Улицы были слишком одинаковыми, чтобы их хоть как-то различать. Все они имели рядовые названия: Первое рядовое название, Второе рядовое название, Третье. Нужно стараться ходить новыми путями, всё-таки разнообразие – смысл жизни природы, а человек ей принадлежит, но почему тогда мы ставим левую ногу на землю точно также как правую? ПОТОМУ ЧТО У НОГ НЕТ ЛИЧНЫХ ИМЁН С БОЛЬШОЙ БУКВЫ!
Дома попадались всё те же.

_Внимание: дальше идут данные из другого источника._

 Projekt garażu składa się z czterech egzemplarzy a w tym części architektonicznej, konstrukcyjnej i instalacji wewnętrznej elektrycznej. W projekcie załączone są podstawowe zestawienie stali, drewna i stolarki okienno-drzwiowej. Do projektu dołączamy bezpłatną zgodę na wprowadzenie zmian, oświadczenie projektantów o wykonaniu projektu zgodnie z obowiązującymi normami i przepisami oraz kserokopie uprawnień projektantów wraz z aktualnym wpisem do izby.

Модные дети были одеты всё также. Дождь кончился, и на улицу начал высыпать народ. Поднялся шум, галдёж, рёв машин. У меня не было желания терпеть людей ещё сорок минут пешей прогулки, потому я побежал. Вовсе не по-спортивному: голова вниз, сжатые в кулаки руки ходят вдоль тела, нет. Моя голова задралась, открывая рот навстречу этому серому спокойствию в вышине, многие смотрели на меня, как на ненормального, или на преступника, но мне было всё равно. Руки с ногами вылетали вперёд тела, промокшие ступни выжимали промокшие носки в промокшие ботинки, пропитывая носки в следующую секунду вновь, но это меня тоже не волновало. Я хотел задохнуться, растянуть мышцы и забрызгать слюной лёгкие, хотел наказать себя за миллион грехов, всех связанных с ленью. Лицо выражало страх и удовольствие, удовольствие от страха потому, что бежал я оттого, что вызывало во мне страх. Бежал от самого себя.

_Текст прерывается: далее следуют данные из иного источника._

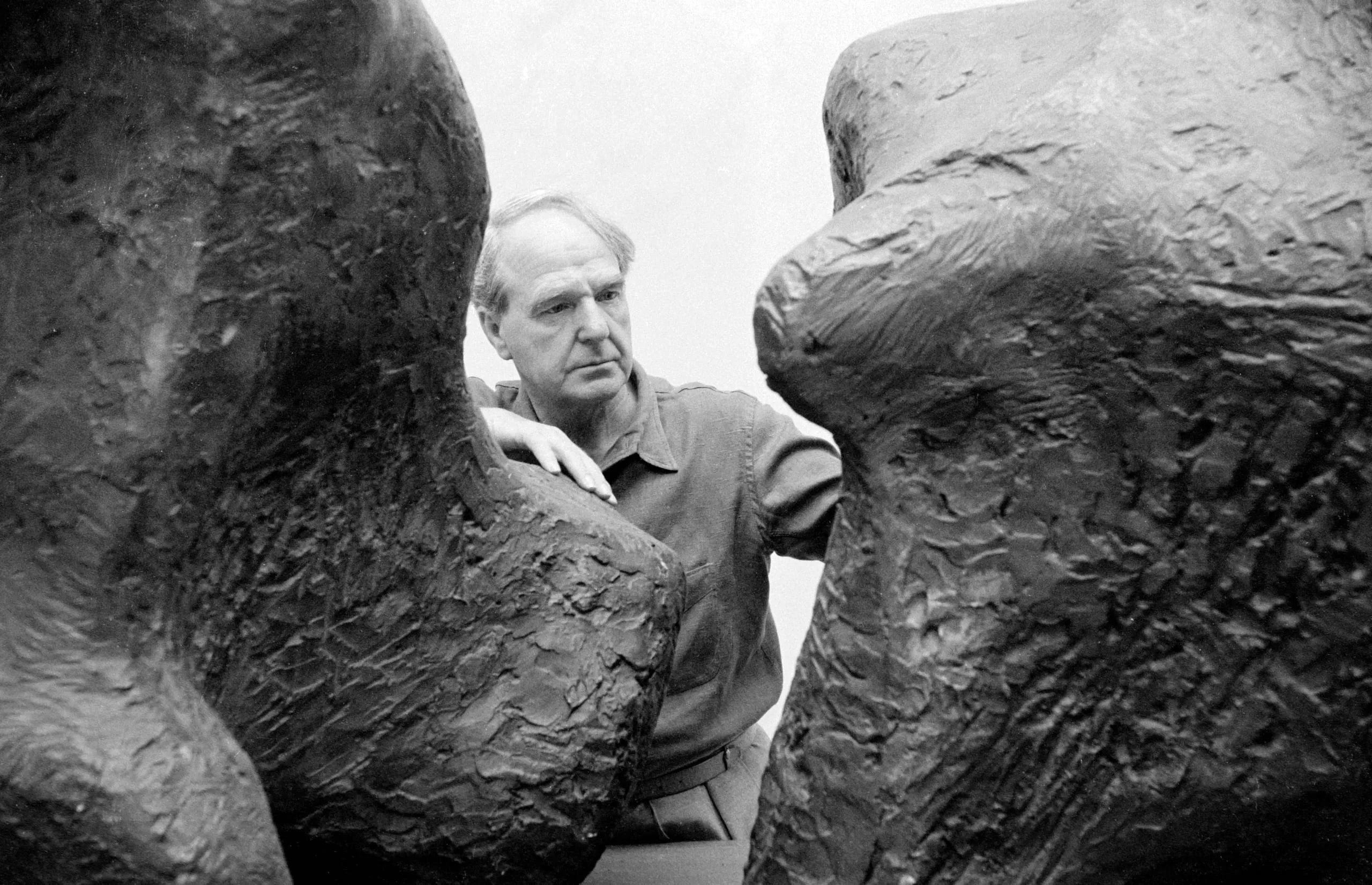 Black and white photograph of a man standing between two large, rough-textured abstract sculptures, resting one hand on the nearer form

Нет работы, нет знакомых, нет семьи, нет тех, с кем бы хотелось время провести
Есть немного сбережений, съёмная квартира, мысли. И развлечения в Соцсети.
Запыхавшись по дороге до Берлоги, я вошёл в подъезд, в лифт, а не стал забегать по лестнице на восьмой этаж. Под конец я себя пожалел. Но в пощаде себя нет силы, я просто проявил слабостью. Зайдя на кухню, я разбил с досады тарелку, и при этом лицо скривилось, будто я съел грейпфрут. Секунду подумав, разбил ещё одну. В шкафу осталась одна. С болью я улыбнулся. Стало легче.
Так я делал нечасто. Седьмая и восьмая тарелки за год. На полу было много осколков, чуть меньше и молоток – от кружки с набора – в раковине. Завтра пойду покупать новый сервиз, чтобы хозяйка не возмущалась. Значит, есть дело на завтра.
Ужин состоял из жареной картошки, лука и сладкого перца. Готовить я любил, но не умел. С пением, танцами и любой починкой было также. Если бы я не ненавидел беспорядок, сейчас вся квартира была бы завалена раскрученным барахлом: от чайника, до розеток и сушилок для обуви. Но так как я был порядочным, всё поломанное я сразу выкидывал. Потому в Берлоге было так мало вещей. Взяв молоко, я плюхнулся на кресло перед ноутбуком.
− Привет.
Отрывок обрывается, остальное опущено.